EXERCISE =>
Take the entries below and reproduce them word for word.

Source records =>
• • • • •

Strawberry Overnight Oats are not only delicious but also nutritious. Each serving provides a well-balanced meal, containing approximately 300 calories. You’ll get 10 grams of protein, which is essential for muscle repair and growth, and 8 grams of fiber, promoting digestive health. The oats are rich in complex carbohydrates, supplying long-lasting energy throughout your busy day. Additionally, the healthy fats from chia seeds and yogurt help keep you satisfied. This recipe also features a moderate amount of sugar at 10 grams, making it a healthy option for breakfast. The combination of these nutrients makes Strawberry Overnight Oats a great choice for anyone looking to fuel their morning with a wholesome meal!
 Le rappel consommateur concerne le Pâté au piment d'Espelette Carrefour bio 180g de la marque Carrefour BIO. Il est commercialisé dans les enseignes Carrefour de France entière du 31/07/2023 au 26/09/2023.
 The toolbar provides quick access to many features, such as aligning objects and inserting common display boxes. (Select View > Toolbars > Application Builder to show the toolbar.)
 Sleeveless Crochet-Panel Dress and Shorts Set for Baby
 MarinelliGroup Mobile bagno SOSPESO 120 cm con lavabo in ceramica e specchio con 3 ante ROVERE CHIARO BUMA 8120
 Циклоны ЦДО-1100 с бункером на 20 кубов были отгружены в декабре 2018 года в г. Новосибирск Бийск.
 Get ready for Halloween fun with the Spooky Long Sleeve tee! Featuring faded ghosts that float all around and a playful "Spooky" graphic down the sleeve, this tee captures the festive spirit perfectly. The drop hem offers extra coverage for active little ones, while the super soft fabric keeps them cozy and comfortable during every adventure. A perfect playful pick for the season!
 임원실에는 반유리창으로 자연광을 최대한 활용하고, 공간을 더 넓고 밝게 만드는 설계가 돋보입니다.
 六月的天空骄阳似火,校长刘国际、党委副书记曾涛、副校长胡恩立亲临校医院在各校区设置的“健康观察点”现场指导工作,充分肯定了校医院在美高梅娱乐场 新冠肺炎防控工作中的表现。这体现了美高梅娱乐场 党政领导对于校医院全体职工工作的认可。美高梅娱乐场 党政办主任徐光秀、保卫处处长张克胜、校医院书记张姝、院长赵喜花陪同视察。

• • • • •

SOLUTION TO THIS PROBLEM =>
Strawberry Overnight Oats are not only delicious but also nutritious. Each serving provides a well-balanced meal, containing approximately 300 calories. You’ll get 10 grams of protein, which is essential for muscle repair and growth, and 8 grams of fiber, promoting digestive health. The oats are rich in complex carbohydrates, supplying long-lasting energy throughout your busy day. Additionally, the healthy fats from chia seeds and yogurt help keep you satisfied. This recipe also features a moderate amount of sugar at 10 grams, making it a healthy option for breakfast. The combination of these nutrients makes Strawberry Overnight Oats a great choice for anyone looking to fuel their morning with a wholesome meal!
 Le rappel consommateur concerne le Pâté au piment d'Espelette Carrefour bio 180g de la marque Carrefour BIO. Il est commercialisé dans les enseignes Carrefour de France entière du 31/07/2023 au 26/09/2023.
 The toolbar provides quick access to many features, such as aligning objects and inserting common display boxes. (Select View > Toolbars > Application Builder to show the toolbar.)
 Sleeveless Crochet-Panel Dress and Shorts Set for Baby
 MarinelliGroup Mobile bagno SOSPESO 120 cm con lavabo in ceramica e specchio con 3 ante ROVERE CHIARO BUMA 8120
 Циклоны ЦДО-1100 с бункером на 20 кубов были отгружены в декабре 2018 года в г. Новосибирск Бийск.
 Get ready for Halloween fun with the Spooky Long Sleeve tee! Featuring faded ghosts that float all around and a playful "Spooky" graphic down the sleeve, this tee captures the festive spirit perfectly. The drop hem offers extra coverage for active little ones, while the super soft fabric keeps them cozy and comfortable during every adventure. A perfect playful pick for the season!
 임원실에는 반유리창으로 자연광을 최대한 활용하고, 공간을 더 넓고 밝게 만드는 설계가 돋보입니다.
 六月的天空骄阳似火,校长刘国际、党委副书记曾涛、副校长胡恩立亲临校医院在各校区设置的“健康观察点”现场指导工作,充分肯定了校医院在美高梅娱乐场 新冠肺炎防控工作中的表现。这体现了美高梅娱乐场 党政领导对于校医院全体职工工作的认可。美高梅娱乐场 党政办主任徐光秀、保卫处处长张克胜、校医院书记张姝、院长赵喜花陪同视察。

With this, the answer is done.